Make an exact copy, from the records below, of the lines from the line containing "First Stage Silicone" to the line containing "Bonito apartamento en", both lines included, excluding pictures.

> **SOURCE MATERIAL**:

* * * * * * *

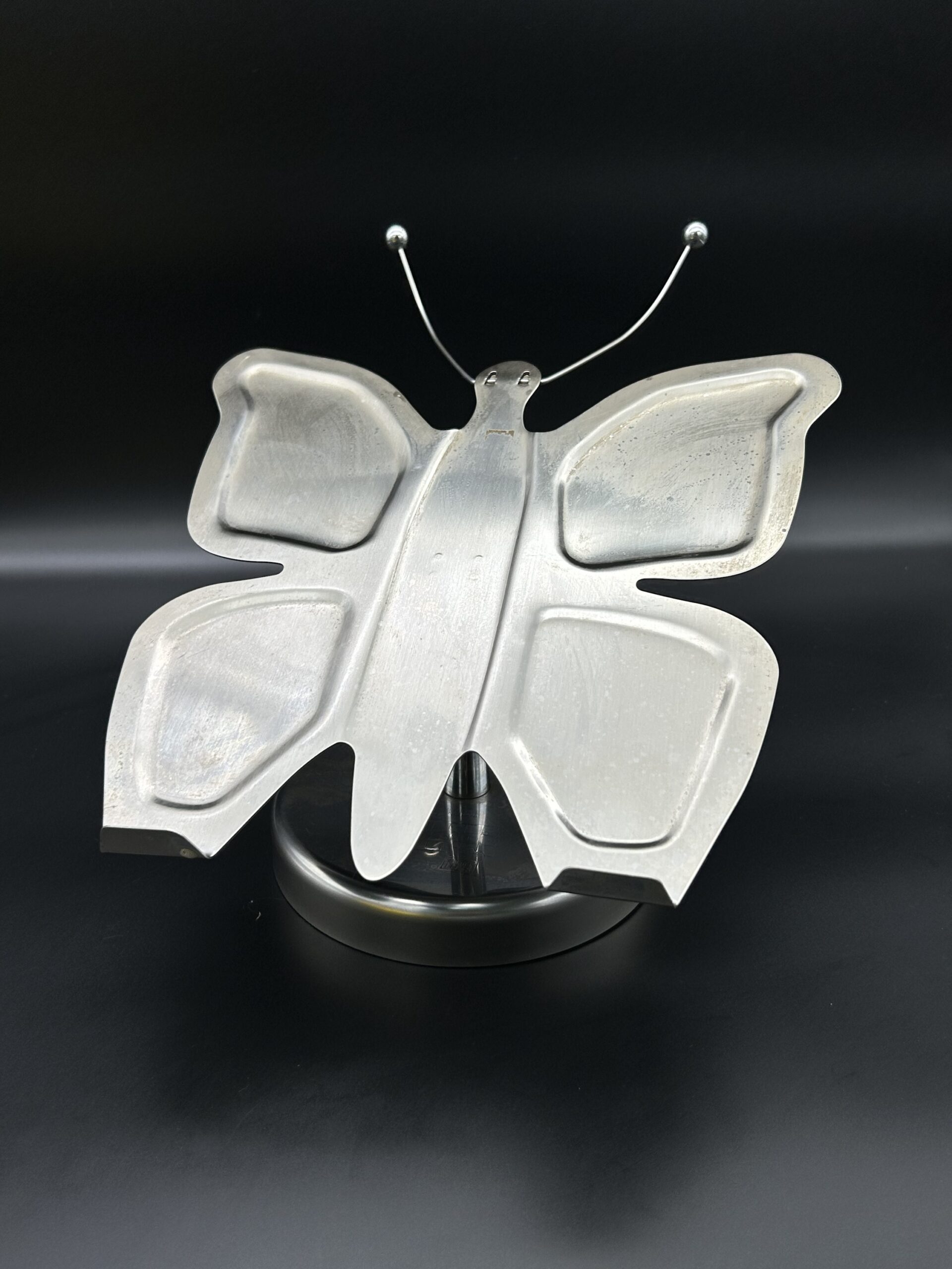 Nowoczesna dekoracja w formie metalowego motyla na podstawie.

* * * * * * *

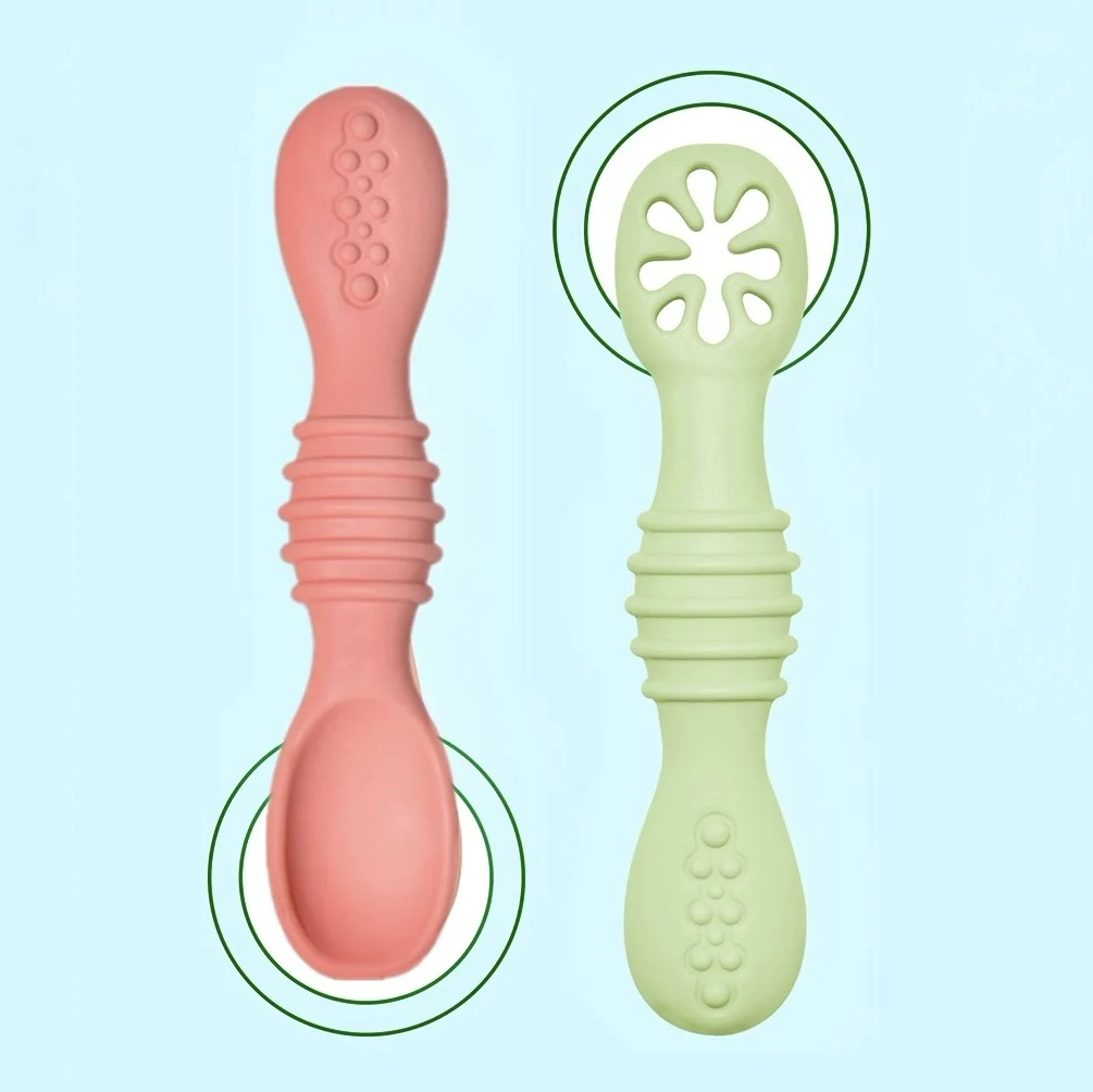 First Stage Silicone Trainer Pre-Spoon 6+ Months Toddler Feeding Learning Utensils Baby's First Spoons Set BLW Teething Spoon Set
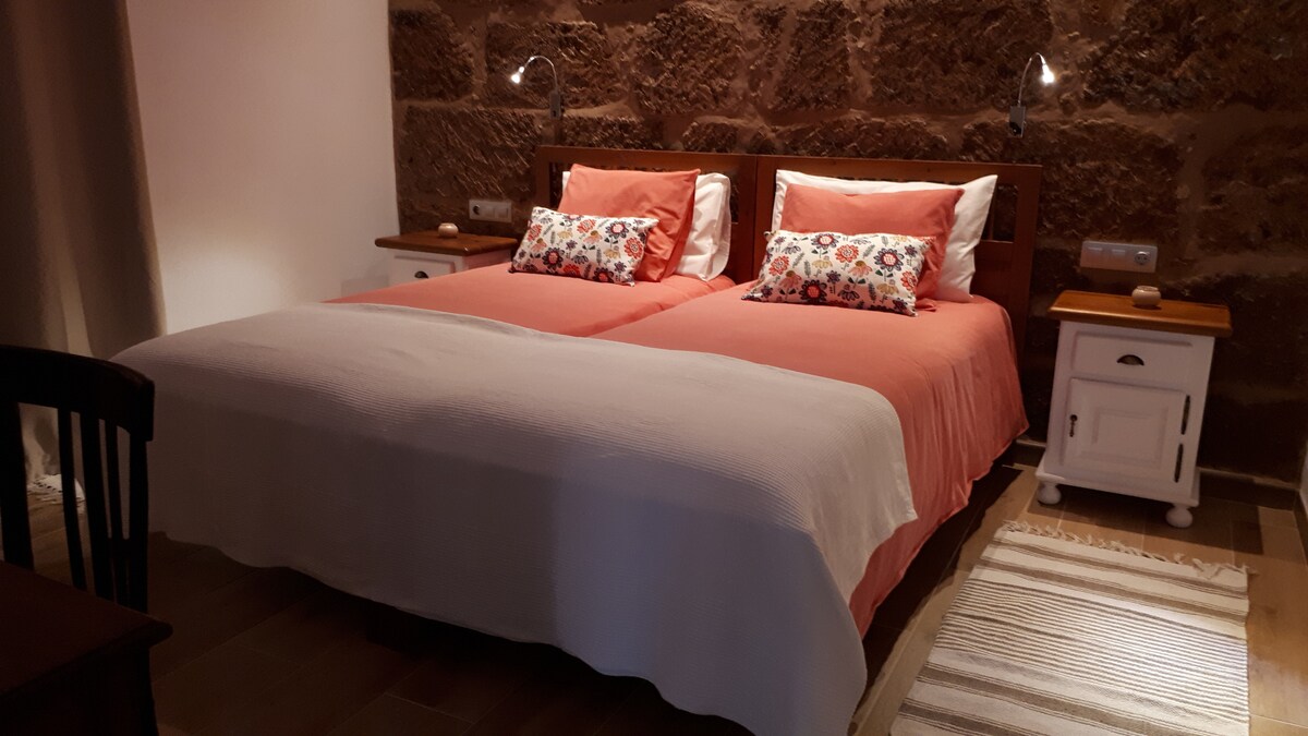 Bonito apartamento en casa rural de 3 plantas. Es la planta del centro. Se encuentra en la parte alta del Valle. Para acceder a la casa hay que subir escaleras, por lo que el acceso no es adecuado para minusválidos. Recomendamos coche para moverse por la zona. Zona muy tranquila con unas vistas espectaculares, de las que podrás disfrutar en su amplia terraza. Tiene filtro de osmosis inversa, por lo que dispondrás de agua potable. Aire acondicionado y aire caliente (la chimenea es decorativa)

* * * * * * *

> **SOLUTION**:
 First Stage Silicone Trainer Pre-Spoon 6+ Months Toddler Feeding Learning Utensils Baby's First Spoons Set BLW Teething Spoon Set
 Bonito apartamento en casa rural de 3 plantas. Es la planta del centro. Se encuentra en la parte alta del Valle. Para acceder a la casa hay que subir escaleras, por lo que el acceso no es adecuado para minusválidos. Recomendamos coche para moverse por la zona. Zona muy tranquila con unas vistas espectaculares, de las que podrás disfrutar en su amplia terraza. Tiene filtro de osmosis inversa, por lo que dispondrás de agua potable. Aire acondicionado y aire caliente (la chimenea es decorativa)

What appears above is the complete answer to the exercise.